Restrict the output to the lines below starting at the one that contains "毛任建(右三)在广西金桂浆纸业有限公司座谈交流。" and ending at the one that contains "and walk-in pantry.", and restate them word for word, both ends included.

Data entries:
↓

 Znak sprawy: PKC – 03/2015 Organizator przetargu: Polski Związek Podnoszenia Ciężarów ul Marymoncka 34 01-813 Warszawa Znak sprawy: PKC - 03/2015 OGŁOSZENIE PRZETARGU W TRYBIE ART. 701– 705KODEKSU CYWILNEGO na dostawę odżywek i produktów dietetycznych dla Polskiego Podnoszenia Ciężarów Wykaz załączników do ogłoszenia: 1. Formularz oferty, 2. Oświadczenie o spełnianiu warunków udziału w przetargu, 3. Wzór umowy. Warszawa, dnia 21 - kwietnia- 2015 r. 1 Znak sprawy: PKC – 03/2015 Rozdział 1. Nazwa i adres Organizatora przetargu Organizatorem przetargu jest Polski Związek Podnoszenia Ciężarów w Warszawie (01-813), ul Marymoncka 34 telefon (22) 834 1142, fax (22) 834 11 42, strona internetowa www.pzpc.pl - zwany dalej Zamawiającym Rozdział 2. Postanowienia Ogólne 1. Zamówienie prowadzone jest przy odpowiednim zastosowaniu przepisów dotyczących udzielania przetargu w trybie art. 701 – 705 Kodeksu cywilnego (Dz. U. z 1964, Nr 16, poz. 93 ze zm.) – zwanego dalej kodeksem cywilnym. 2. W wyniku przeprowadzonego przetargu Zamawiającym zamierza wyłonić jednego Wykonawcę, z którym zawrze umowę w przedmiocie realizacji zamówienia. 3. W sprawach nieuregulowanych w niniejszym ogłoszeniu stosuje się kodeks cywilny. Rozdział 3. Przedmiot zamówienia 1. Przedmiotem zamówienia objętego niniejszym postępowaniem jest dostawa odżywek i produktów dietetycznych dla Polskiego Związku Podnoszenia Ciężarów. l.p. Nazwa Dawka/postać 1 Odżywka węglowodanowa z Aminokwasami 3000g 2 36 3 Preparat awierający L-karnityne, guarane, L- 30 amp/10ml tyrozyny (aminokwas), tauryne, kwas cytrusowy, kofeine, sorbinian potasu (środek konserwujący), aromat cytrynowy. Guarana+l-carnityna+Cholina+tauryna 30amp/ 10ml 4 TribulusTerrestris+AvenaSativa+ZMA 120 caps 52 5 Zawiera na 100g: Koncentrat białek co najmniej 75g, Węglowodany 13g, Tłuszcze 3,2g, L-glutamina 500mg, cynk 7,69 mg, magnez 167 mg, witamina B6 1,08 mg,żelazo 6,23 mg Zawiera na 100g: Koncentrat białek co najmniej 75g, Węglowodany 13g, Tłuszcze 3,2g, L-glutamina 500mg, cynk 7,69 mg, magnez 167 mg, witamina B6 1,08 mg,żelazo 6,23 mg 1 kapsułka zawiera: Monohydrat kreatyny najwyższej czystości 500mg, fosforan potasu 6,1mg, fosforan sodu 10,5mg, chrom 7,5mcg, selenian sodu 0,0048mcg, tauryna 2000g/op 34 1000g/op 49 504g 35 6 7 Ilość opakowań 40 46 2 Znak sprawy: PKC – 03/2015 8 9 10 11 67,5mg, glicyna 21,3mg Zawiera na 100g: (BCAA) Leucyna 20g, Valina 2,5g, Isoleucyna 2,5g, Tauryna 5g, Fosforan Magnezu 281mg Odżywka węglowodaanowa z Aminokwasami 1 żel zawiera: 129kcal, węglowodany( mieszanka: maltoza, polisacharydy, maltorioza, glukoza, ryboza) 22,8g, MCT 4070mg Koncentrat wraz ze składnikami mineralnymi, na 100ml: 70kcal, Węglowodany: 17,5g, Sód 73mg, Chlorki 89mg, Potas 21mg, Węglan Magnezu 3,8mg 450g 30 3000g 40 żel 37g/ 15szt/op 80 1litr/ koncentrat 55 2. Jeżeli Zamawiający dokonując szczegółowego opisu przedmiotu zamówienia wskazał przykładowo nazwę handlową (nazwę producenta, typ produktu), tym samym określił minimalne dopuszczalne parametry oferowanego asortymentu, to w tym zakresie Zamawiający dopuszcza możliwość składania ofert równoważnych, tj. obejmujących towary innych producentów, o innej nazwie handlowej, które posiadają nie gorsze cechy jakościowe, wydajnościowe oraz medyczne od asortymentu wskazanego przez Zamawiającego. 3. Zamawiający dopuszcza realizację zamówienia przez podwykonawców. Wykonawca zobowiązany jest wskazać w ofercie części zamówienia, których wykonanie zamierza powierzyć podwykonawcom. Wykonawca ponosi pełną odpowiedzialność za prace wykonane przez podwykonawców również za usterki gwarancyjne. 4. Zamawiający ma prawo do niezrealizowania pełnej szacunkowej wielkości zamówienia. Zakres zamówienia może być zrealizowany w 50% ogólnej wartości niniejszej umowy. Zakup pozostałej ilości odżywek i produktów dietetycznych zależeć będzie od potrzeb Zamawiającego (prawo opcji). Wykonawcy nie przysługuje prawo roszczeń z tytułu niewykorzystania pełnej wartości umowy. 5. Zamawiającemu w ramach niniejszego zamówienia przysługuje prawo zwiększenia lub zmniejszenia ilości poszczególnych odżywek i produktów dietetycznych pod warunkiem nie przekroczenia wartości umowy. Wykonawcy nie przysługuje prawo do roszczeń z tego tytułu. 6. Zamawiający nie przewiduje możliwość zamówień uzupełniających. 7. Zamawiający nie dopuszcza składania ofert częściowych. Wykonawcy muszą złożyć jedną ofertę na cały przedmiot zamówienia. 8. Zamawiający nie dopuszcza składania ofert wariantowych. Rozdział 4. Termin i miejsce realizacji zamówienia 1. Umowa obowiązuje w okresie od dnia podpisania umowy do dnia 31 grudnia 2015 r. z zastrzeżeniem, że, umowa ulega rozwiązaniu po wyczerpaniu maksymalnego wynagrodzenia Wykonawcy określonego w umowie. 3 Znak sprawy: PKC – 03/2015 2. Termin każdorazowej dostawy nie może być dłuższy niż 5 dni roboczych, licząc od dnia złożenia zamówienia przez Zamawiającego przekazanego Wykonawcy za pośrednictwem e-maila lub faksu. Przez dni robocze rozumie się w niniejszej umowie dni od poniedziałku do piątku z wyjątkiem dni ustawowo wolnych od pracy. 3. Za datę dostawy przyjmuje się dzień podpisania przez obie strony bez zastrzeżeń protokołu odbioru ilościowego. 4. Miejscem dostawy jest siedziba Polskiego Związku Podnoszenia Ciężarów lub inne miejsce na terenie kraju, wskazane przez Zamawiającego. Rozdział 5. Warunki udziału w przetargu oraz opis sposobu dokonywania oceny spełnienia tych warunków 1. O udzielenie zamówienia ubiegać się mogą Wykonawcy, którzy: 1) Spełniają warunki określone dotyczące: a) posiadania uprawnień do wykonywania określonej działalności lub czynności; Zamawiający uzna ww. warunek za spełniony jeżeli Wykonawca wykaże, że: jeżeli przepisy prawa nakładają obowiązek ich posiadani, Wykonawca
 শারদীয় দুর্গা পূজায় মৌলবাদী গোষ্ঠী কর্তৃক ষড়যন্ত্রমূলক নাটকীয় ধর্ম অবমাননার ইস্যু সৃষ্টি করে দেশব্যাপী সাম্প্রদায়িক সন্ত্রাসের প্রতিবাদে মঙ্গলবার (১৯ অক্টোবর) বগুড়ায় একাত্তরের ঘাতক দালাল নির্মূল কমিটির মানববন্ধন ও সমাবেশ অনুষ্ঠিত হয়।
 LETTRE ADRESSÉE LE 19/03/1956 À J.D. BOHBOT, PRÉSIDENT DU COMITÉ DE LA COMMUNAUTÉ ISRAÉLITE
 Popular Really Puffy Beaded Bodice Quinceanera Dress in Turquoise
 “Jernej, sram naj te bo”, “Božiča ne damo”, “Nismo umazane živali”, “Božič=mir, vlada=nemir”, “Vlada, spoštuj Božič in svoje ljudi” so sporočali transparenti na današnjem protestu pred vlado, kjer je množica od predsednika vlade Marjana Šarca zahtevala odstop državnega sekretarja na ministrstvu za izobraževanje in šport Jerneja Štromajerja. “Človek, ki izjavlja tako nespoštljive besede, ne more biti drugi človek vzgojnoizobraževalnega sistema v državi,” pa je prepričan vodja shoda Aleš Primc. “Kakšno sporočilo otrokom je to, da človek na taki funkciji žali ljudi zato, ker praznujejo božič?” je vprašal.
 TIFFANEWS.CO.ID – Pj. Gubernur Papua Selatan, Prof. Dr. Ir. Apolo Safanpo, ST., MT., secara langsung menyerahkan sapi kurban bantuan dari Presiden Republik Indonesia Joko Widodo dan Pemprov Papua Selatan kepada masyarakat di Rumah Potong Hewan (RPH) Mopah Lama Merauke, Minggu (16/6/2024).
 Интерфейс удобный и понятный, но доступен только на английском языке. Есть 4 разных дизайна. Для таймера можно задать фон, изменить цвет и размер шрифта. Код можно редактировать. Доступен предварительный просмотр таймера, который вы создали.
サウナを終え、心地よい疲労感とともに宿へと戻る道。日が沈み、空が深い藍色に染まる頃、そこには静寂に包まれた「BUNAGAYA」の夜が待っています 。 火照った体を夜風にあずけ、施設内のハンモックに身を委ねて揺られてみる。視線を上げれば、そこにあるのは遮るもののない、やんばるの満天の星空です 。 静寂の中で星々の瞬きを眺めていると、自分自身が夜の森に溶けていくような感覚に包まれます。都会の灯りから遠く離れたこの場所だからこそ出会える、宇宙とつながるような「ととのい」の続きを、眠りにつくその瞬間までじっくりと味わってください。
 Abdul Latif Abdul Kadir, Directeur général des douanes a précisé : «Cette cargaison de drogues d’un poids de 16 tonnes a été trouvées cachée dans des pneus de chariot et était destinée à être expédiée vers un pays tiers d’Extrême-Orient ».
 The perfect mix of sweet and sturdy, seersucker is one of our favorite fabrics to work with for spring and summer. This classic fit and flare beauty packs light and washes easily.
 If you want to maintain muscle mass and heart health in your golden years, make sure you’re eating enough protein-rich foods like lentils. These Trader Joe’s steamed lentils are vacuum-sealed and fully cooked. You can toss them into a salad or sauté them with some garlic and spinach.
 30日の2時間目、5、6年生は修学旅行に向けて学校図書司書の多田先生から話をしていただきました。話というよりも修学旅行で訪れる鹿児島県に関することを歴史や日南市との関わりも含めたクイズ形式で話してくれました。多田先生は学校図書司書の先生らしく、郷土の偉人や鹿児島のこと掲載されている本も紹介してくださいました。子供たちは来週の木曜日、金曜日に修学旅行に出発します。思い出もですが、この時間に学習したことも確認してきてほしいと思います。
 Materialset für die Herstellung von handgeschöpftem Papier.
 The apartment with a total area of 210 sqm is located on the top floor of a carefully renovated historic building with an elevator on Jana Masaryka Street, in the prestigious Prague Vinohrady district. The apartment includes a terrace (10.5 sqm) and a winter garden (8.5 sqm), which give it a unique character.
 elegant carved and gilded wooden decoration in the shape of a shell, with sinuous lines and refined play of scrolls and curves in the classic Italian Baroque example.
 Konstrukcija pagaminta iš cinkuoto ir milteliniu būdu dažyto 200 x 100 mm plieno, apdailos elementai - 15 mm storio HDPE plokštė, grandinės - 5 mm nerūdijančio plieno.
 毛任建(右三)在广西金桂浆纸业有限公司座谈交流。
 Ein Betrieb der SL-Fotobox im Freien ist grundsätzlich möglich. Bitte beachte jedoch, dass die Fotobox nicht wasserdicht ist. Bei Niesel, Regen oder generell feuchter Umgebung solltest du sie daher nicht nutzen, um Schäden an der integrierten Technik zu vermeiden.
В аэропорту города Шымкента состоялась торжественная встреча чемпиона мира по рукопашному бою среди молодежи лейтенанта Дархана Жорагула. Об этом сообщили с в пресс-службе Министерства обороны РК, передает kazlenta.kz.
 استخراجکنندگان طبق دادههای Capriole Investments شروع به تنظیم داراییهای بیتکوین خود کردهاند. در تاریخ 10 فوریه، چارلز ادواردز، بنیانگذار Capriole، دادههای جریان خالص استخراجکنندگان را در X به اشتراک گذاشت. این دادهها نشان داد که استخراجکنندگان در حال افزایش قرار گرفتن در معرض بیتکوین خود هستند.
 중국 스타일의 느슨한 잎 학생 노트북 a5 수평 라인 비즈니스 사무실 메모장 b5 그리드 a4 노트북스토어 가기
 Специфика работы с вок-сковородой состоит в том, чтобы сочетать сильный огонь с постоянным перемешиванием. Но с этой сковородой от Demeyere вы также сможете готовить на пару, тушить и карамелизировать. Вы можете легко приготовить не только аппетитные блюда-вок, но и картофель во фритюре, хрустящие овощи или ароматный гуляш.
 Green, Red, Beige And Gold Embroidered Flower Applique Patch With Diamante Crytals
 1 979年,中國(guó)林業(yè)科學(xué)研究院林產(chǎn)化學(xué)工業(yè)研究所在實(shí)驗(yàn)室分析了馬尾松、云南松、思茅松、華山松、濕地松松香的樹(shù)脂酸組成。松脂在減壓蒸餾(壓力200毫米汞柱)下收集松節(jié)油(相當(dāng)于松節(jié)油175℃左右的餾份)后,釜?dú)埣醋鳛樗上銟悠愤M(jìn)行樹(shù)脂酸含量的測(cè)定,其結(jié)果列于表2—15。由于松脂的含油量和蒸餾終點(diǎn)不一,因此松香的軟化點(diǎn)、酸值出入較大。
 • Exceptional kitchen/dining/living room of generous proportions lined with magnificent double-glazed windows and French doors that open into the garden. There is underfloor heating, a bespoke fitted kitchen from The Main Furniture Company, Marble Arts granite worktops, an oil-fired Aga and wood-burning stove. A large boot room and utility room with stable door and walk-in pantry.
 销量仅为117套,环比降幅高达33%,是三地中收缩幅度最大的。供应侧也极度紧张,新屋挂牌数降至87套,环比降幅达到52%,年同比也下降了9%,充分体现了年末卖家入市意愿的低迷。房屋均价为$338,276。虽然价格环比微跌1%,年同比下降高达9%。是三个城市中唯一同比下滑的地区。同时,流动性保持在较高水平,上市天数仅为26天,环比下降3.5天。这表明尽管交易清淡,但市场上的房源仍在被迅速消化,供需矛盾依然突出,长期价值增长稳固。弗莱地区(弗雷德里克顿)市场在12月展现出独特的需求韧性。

↑

ANSWER TO THE PROBLEM —
 毛任建(右三)在广西金桂浆纸业有限公司座谈交流。
 Ein Betrieb der SL-Fotobox im Freien ist grundsätzlich möglich. Bitte beachte jedoch, dass die Fotobox nicht wasserdicht ist. Bei Niesel, Regen oder generell feuchter Umgebung solltest du sie daher nicht nutzen, um Schäden an der integrierten Technik zu vermeiden.
В аэропорту города Шымкента состоялась торжественная встреча чемпиона мира по рукопашному бою среди молодежи лейтенанта Дархана Жорагула. Об этом сообщили с в пресс-службе Министерства обороны РК, передает kazlenta.kz.
 استخراجکنندگان طبق دادههای Capriole Investments شروع به تنظیم داراییهای بیتکوین خود کردهاند. در تاریخ 10 فوریه، چارلز ادواردز، بنیانگذار Capriole، دادههای جریان خالص استخراجکنندگان را در X به اشتراک گذاشت. این دادهها نشان داد که استخراجکنندگان در حال افزایش قرار گرفتن در معرض بیتکوین خود هستند.
 중국 스타일의 느슨한 잎 학생 노트북 a5 수평 라인 비즈니스 사무실 메모장 b5 그리드 a4 노트북스토어 가기
 Специфика работы с вок-сковородой состоит в том, чтобы сочетать сильный огонь с постоянным перемешиванием. Но с этой сковородой от Demeyere вы также сможете готовить на пару, тушить и карамелизировать. Вы можете легко приготовить не только аппетитные блюда-вок, но и картофель во фритюре, хрустящие овощи или ароматный гуляш.
 Green, Red, Beige And Gold Embroidered Flower Applique Patch With Diamante Crytals
 1 979年,中國(guó)林業(yè)科學(xué)研究院林產(chǎn)化學(xué)工業(yè)研究所在實(shí)驗(yàn)室分析了馬尾松、云南松、思茅松、華山松、濕地松松香的樹(shù)脂酸組成。松脂在減壓蒸餾(壓力200毫米汞柱)下收集松節(jié)油(相當(dāng)于松節(jié)油175℃左右的餾份)后,釜?dú)埣醋鳛樗上銟悠愤M(jìn)行樹(shù)脂酸含量的測(cè)定,其結(jié)果列于表2—15。由于松脂的含油量和蒸餾終點(diǎn)不一,因此松香的軟化點(diǎn)、酸值出入較大。
 • Exceptional kitchen/dining/living room of generous proportions lined with magnificent double-glazed windows and French doors that open into the garden. There is underfloor heating, a bespoke fitted kitchen from The Main Furniture Company, Marble Arts granite worktops, an oil-fired Aga and wood-burning stove. A large boot room and utility room with stable door and walk-in pantry.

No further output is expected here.